# Out of home access to DVR playlist from PC/Mac ....... FINISHED !!



## DTvSince96 (Sep 10, 2016)

Just been told be a DirecTv rep that they no longer support Out of Home access to your DVR playlist from a PC/Mac.

No problem from Phone/Tablet via the DirecTv App, but if you want to view your playlist or download your play list, to your laptop, you'll need to use the NOW UNSUPPORTED GenieGo app and hope it continues to work (NO GUARANTEES)

WTF DirecTv ?


----------



## inkahauts (Nov 13, 2006)

I'm not sure that's accurate info. They haven't even fired up the new system fully yet as far as I know...


----------



## DTvSince96 (Sep 10, 2016)

Just the messenger here. I asked what application needs to be downloaded to view my DVR playlist on my laptop and after much 'uummm, arrrrrr', the rep quoted me a release dated yesterday !?

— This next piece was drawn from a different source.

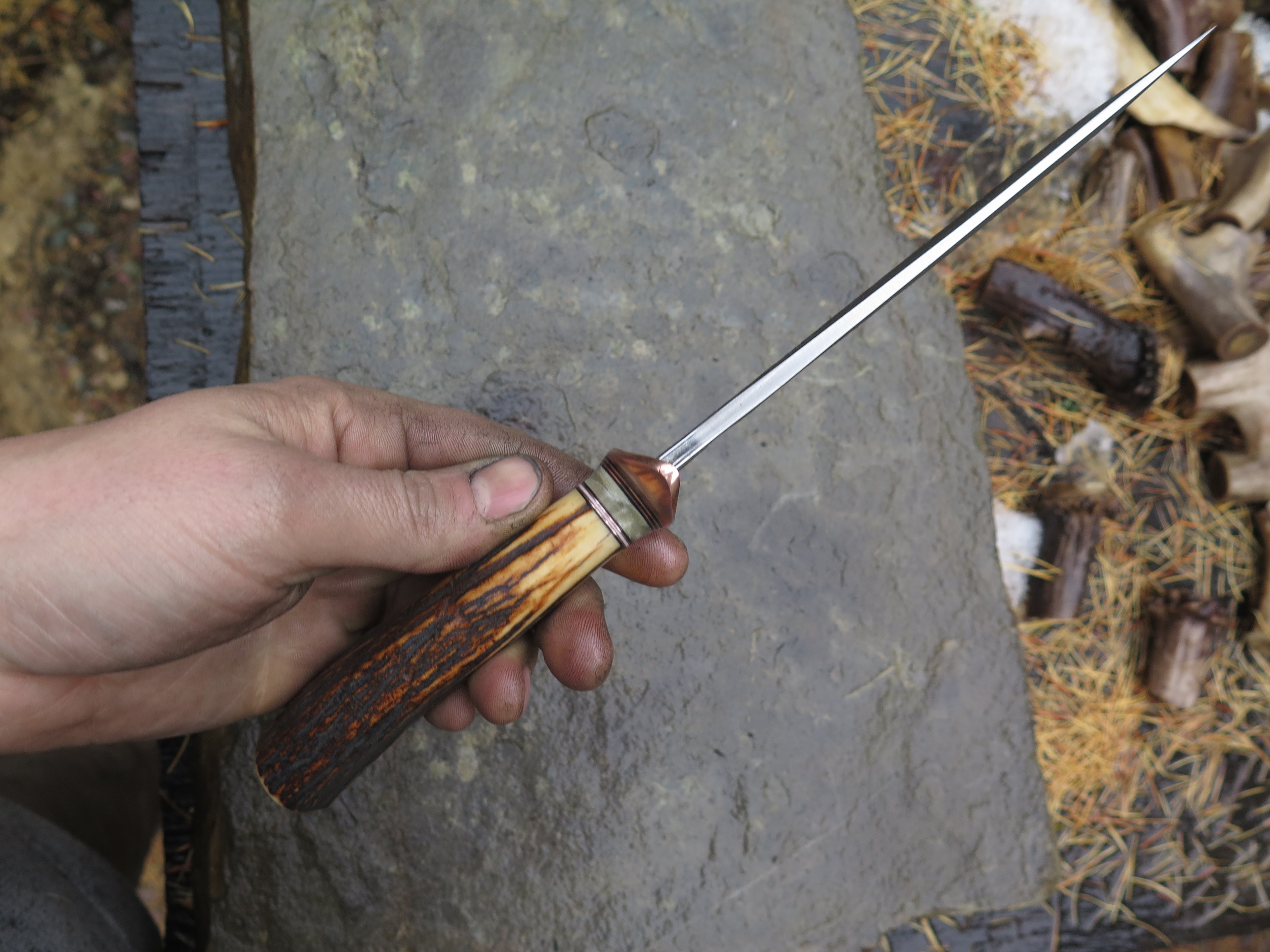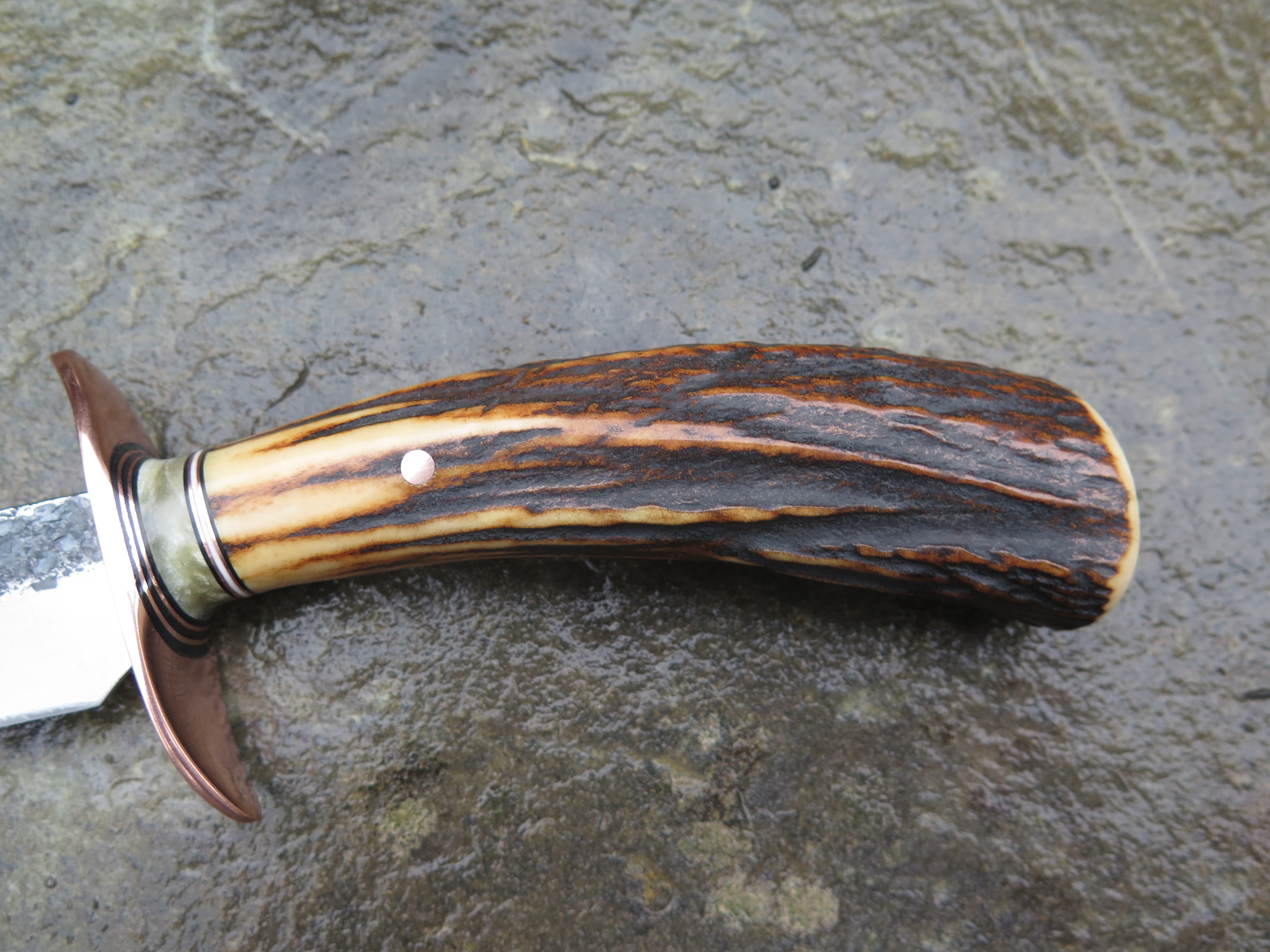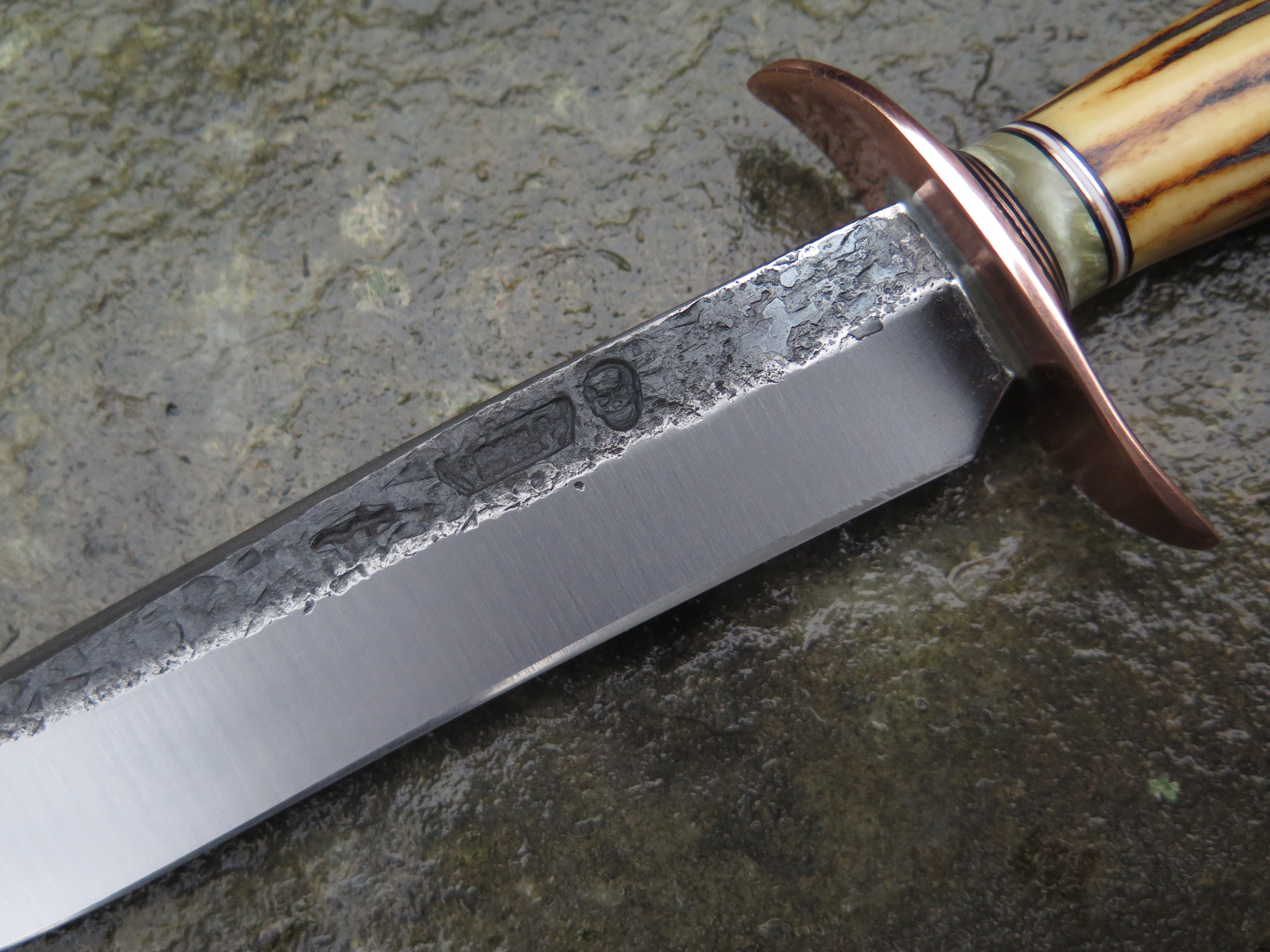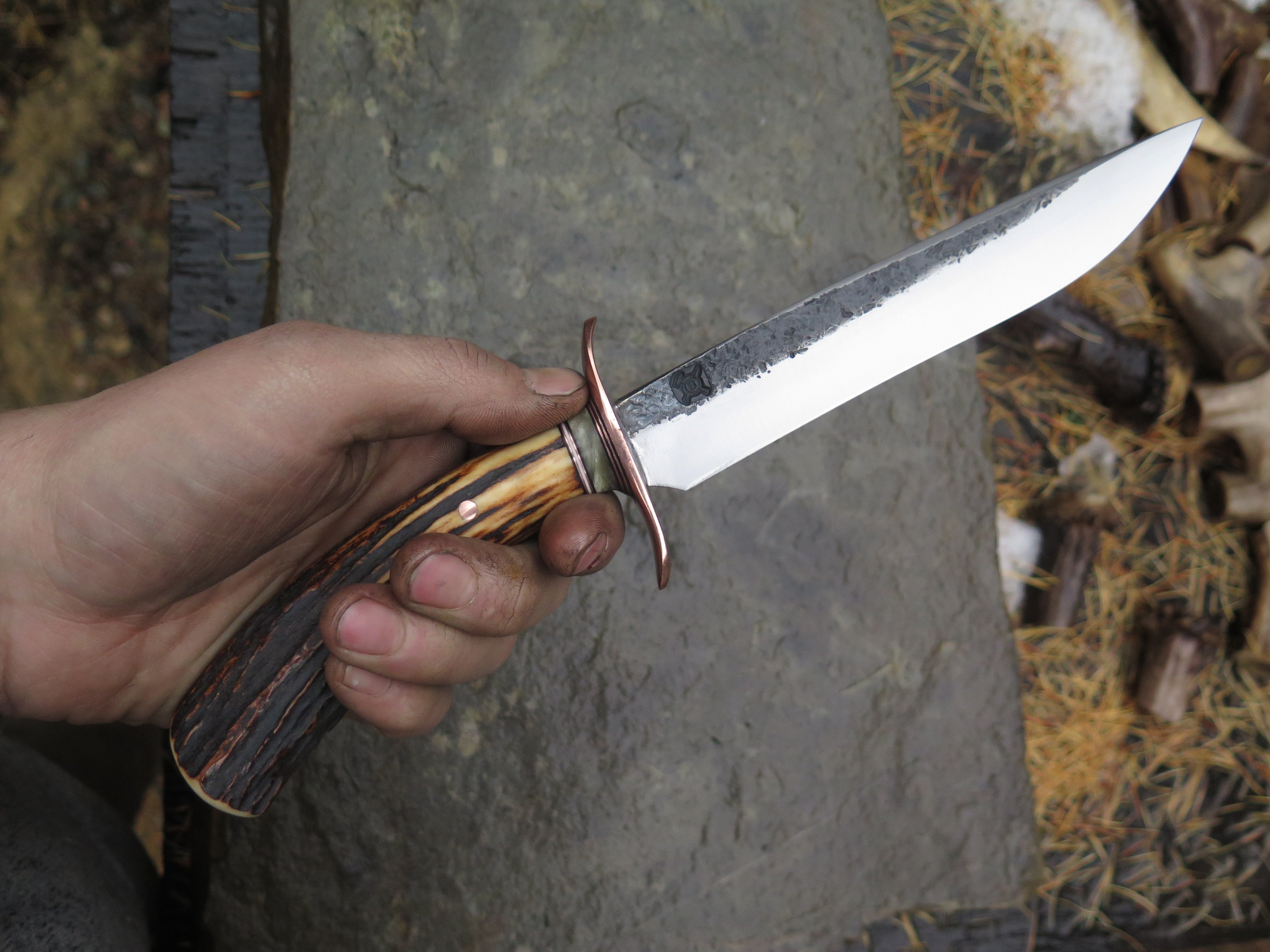 This bad ass new Field Knife from Behring Made© is hand forged from 3/16" thick high carbon 01 tool steel and it measures 6 1/2" from tip to guard with a razor sharp hollow grind and our hammermark finish. The forged copper s-guard is soldered in place above black and white fiber, copper and musk ox boss spacers. The premium sambar stag handle is pinned through the tang with copper and overall length measures out to 11".

I re-downloaded the GenieGo app and it does still work on my laptop (after having removed the GenieGo from my setup) and it does still work, LOCALLY. Will try it later via my phone hot spot so I can confirm it still works 'Out of Home'.


----------



## dod1450 (Dec 16, 2009)

I am using geniego version 2.4.2.17 application on my windows 10 laptop with the new genigo software on my hr44. It is working except I do not see my hr34 dvr like I did with the old revision with 3 blue led external box.


----------



## trh (Nov 3, 2007)

dod1450 said:


> I am using geniego version 2.4.2.17 application on my windows 10 laptop with the new genigo software on my hr44. It is working except I do not see my hr34 dvr like I did with the old revision with 3 blue led external box.


Huh?


----------



## compnurd (Apr 23, 2007)

inkahauts said:


> I'm not sure that's accurate info. They haven't even fired up the new system fully yet as far as I know...


This all went live as of 9/8


----------



## inkahauts (Nov 13, 2006)

I personally have a feeling that we will see a web interface for mobile DVR and full control of our DVRs sometime soon. 

As for live in the 8th thanks. Thought it was next week. And I wouldn't be surprised if their are hiccups till then at least anyway getting all the servers working right etc.


----------



## Jasqid (Oct 26, 2008)

the entire experience on PC is horrible. It baffles my mind why they don't have a universal windows app now. One that has the same functionality as ipad or a droid device.


----------



## inkahauts (Nov 13, 2006)

Jasqid said:


> the entire experience on PC is horrible. It baffles my mind why they don't have a universal windows app now. One that has the same functionality as ipad or a droid device.


If I where then I'd never do a desktop app. I'd do a web interface.


----------